Французское посольство в Петербурге докладывало своему МИДу: «Должно с сожалением смотреть на близкое разорение части русской аристократии, тогда как некоторые крепостные, так же как и купцы, которые прежде были крепостными, обогащаются чудовищным образом»[51].

В набросках «Мысли на дороге» («Путешествие из Москвы в Петербург») Пушкин описывет разговор со своим дорожным попутчиком-англичанином (дотошные пушкинисты выяснили, что звали этого человека Колвилл Франклэнд и что он жил в России в 1830–1831 гг.). «Подле меня в карете сидел англичанин, человек лет 36. Я обратился к нему с вопросом: что может быть несчастнее русского крестьянина?» Тот ответил: «Английский крестьянин» – и стал перечислять плюсы положения русского крестьянина по сравнению с английским: «Во всей России помещик, наложив оброк, оставляет на произвол своему крестьянину доставать оный, как и где он хочет. Крестьянин промышляет чем вздумает и уходит иногда за 2000 верст вырабатывать себе деньгу… Я не знаю во всей Европе народа, которому было бы дано более простору действовать…» Разговор продолжается: «Что поразило вас более всего в русском крестьянине? – Его опрятность, смышленость и свобода. Ваш крестьянин каждую субботу ходит в баню; умывается каждое утро, сверх того несколько раз в день моет себе руки. О его смышлености говорить нечего. Взгляните на него: что может быть свободнее его обращения! Есть ли и тень рабского унижения в его поступи и речи? Вы не были в Англии? – Не удалось. – Так вы не видали оттенков подлости, отличающих у нас один класс от другого. Вы не видали раболепного maintien [поведения] Нижней каморы [палаты] перед Верхней; джентльменства перед аристокрацией; купечества перед джентльменством; бедности перед богатством; повиновения перед властию… А нравы наши, a продажные голоса…»[52].
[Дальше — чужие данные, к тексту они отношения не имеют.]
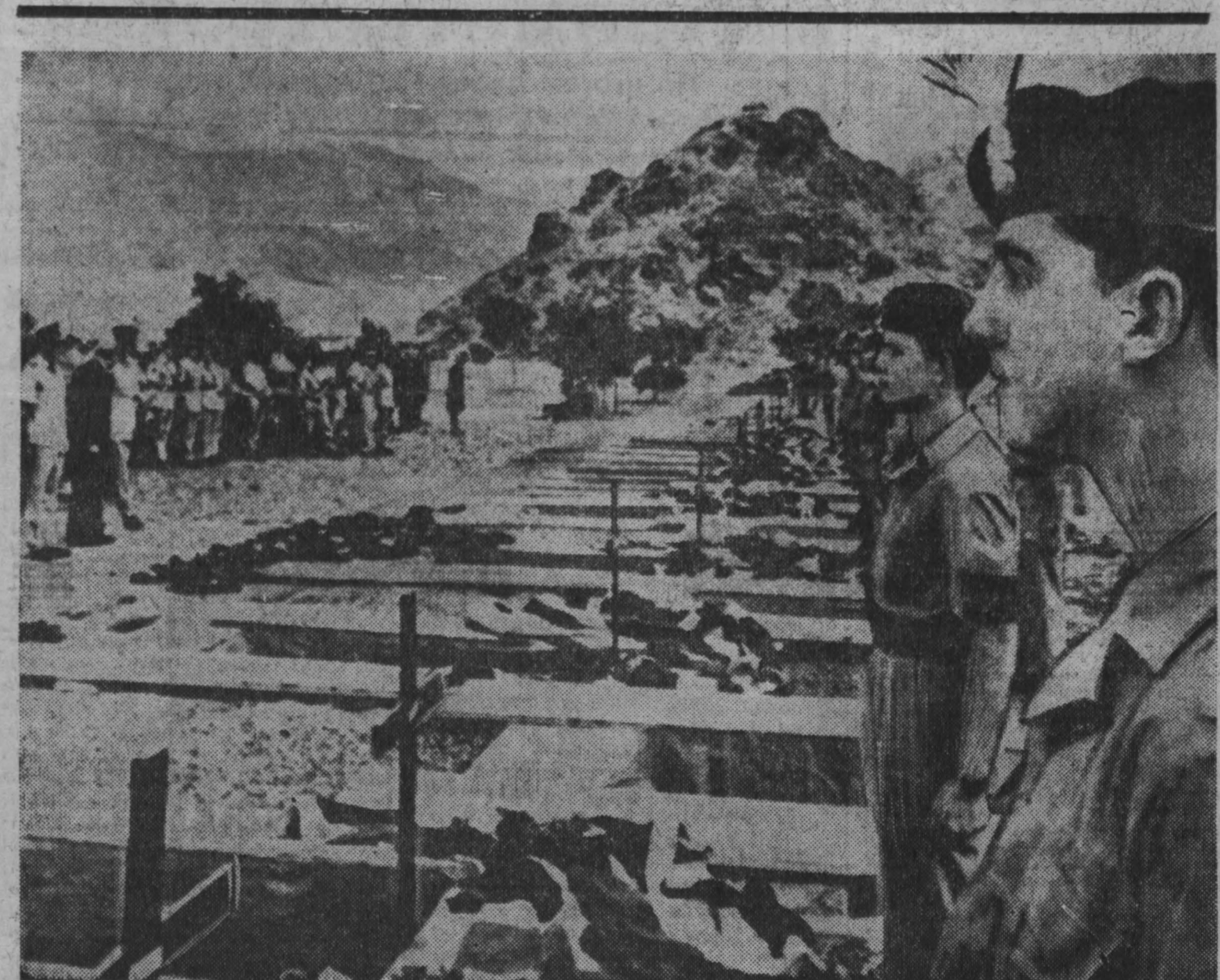
На снимке из лондонской газеты «Таймс» — солдаты оккупации оминых войск на военном пладнице близ Адена...

ЛОНДОН, 14 июля. (ТАСС). Небывалой силы снегопад обрушился на Карру — обширное нагорье, расположенное в северной части Южно-Африканской Республики.

Впечатленный наблюдениями иностранца, Пушкин развивает тему уже от себя: «В России нет человека, который бы не имел своего собственного жилища. Нищий, уходя скитаться по миру, оставляет свою избу. Этого нет в чужих краях…»

6. Это малоизученное крепостное право

Несмотря на исполинский объем трудов историков-аграрников, о реальном крепостном укладе мы знаем достаточно мало. В этом убеждает простой факт. На момент воцарения Павла I доля крепостных в населении страны составляла 54 % (данные 5-й «ревизии» 1796 г.), а ко времени отмены крепостного права, т. е. всего шесть с половиной десятилетий спустя, она опустилась до 29 % и ниже[53]. Такое падение их доли в населении говорит о том, что миллионы (!) крестьян вышли за это время из крепостной зависимости. Каким образом они выходили («увольнялись в иные сословия») и кто были эти люди? Оттянувшие солдатскую лямку и вышедшие в отставку? Но таких за 150 лет набралось всего 2 млн 330 тыс., в среднем по 15 тыс. человек за год. Освободившиеся по закону о «вольных хлебопашцах»? Это всего 1,5 % от числа крепостных[54]. Выкупившиеся у своих помещиков? Нам внушали, что такие случаи были крайне редки, но так ли это? Прадед Чехова по материнской линии, Герасим Морозов, выкупился с семьей из «крепости» в 1817 г., а дед по отцовской, Егор Чехов, опять-таки с семьей (за 875 руб.), – в 1841 г. Предок по одной линии может быть исключением, но предки по обеим линиям – уже тенденция.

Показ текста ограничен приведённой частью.